Quote from the first line below through the line that contains "The institutional mindset", both included, and leave the pictures out.

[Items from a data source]
----

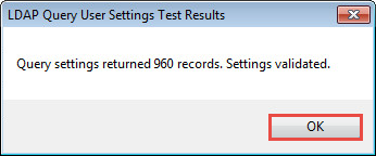 The LDAP Query User Settings Test Results message box displays; the query setting is validated and some records are returned; in a production environment, ten records should be returned always; click OK:
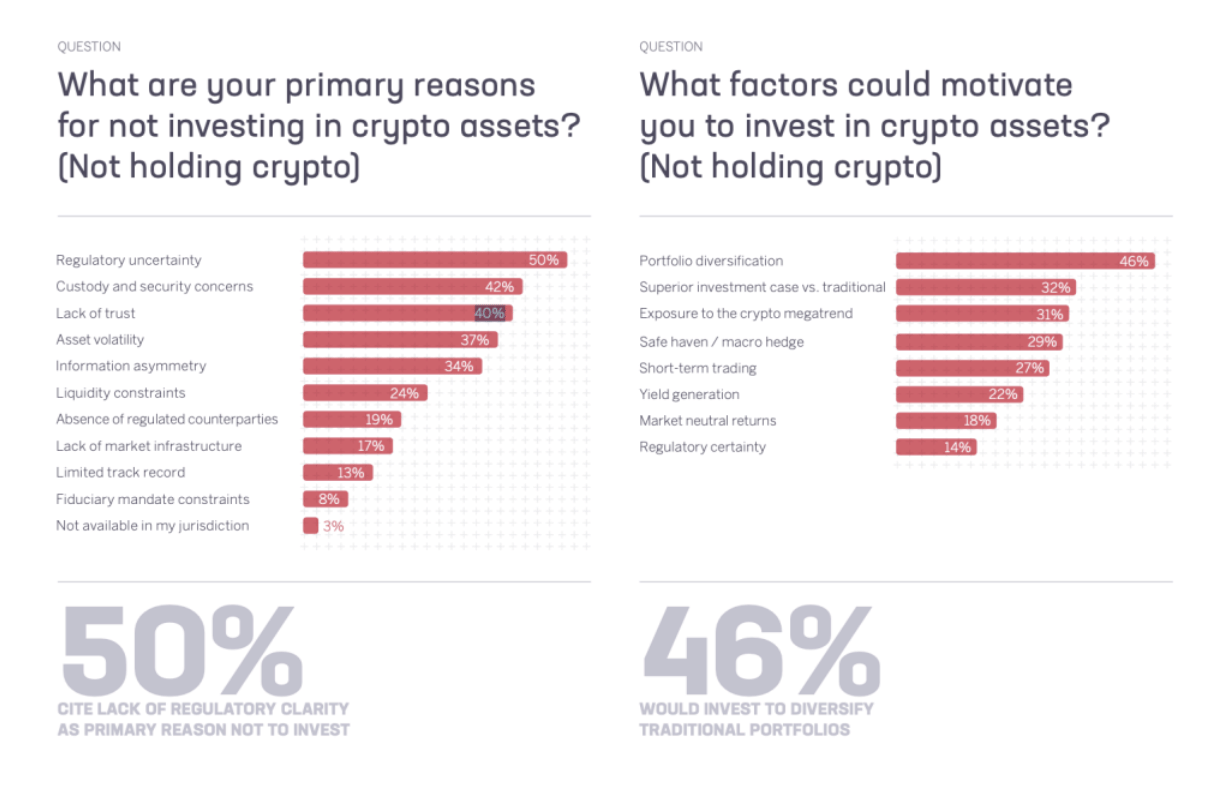 The institutional mindset still regards crypto as unstable, unsustainable, and structurally risky. The Sygnum Bank 2025 report shows 40% of organizations don’t trust crypto markets, while 50% cite unclear regulation, leaving blockchain startups dramatically underfunded compared to broader fintech.
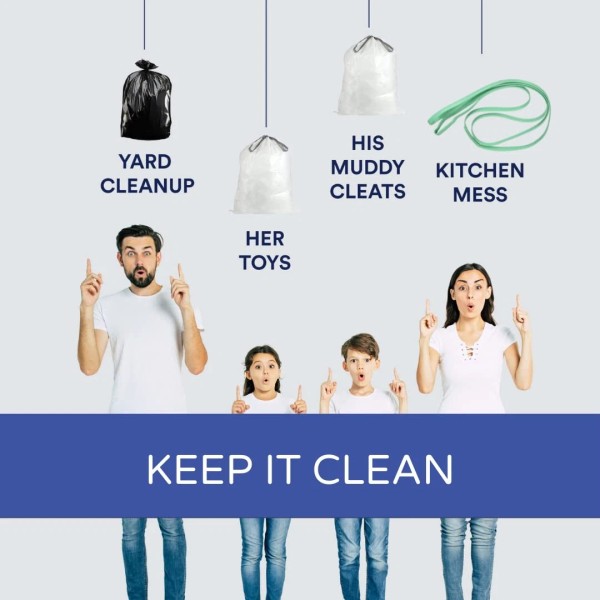 Dealing with garbage chores doesn’t need to be difficult and messy when you have the right supplies. Sometimes it’s the smallest things that make the biggest difference. Reaching into a trash can to retrieve the edges of the bag that has fallen Down is unpleasant and messy, so we’ve got a way to keep you from ever having to do it again. These rubber bands are a perfect fit for most 12-16 Gallon cans: a clever solution to this common problem. Super easy to use, too. Slip your trash bag into the can leave a couple of inches of bag overhang around the rim. Tighten the band around the can (as shown.) on trash day, dispose of the bag, but leave your giant rubber band around the can, ready for the next garbage bag.
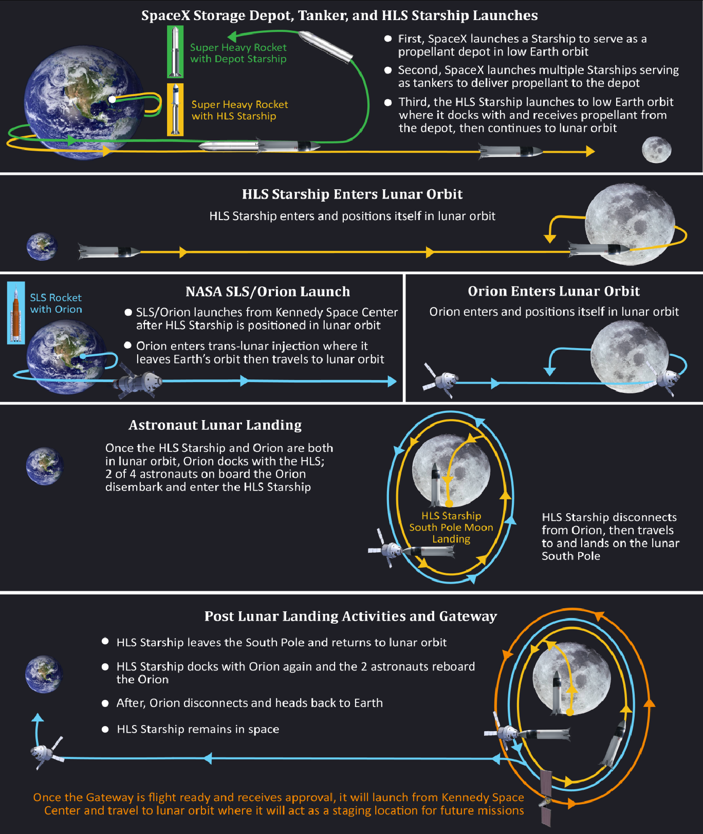 Тем временем разработка программа «Эксплорейшн» стала «Артемидой». В процессе переименования выяснилось что затраты на переделку «Шаттла» в «Сатурн-5» силами Боинголокхида NASA с трудом, но тянет, а вот на окололунную орбительную станцию, корабли ее снабжения и корабль для высадки на Луну деняк уже нет. И опять было решено обратиться к коммерческим контрактам с фиксированной стомостью для всего кроме SLS и Ориона. И тут Маск затроллил NASA отправив на конкурс посадочных кораблей «Старшип». На котором он победил ибо приличного повода завернуть корабль который уже есть хоть в каком-то виде и за который просят меньше чем у конкурентов у комиссии не было. В результате получалось что отважные астронавты должны будут стартовать с Земли на SLS чтобы на окололунной орбите перейти в «Старшип», на котором уже на Луну высаживаться:
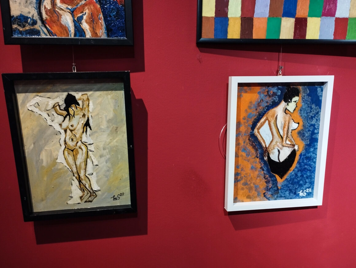 Până să înceapă vernisajul, dau și eu o tură de expoziție, printre cele 68 de lucrări - tot câte una pentru fiecare an din viață. Sunt multe nuduri de femei contorsionate în toate pozițiile și pisici. Culori stridente, coapse, sâni + pisici. Lascivitate și felinitate. O cromatică apăsătoare, un „erotism” cu iz de anii ‘90 și care mă trimite cu gândul la bomboane fondante și la alte tablouri pe care le-am văzut în camerele unor pensiuni obscure din Buzău, Onești sau Herculane.

----

* **TASK RESPONSE**
 The LDAP Query User Settings Test Results message box displays; the query setting is validated and some records are returned; in a production environment, ten records should be returned always; click OK:
 The institutional mindset still regards crypto as unstable, unsustainable, and structurally risky. The Sygnum Bank 2025 report shows 40% of organizations don’t trust crypto markets, while 50% cite unclear regulation, leaving blockchain startups dramatically underfunded compared to broader fintech.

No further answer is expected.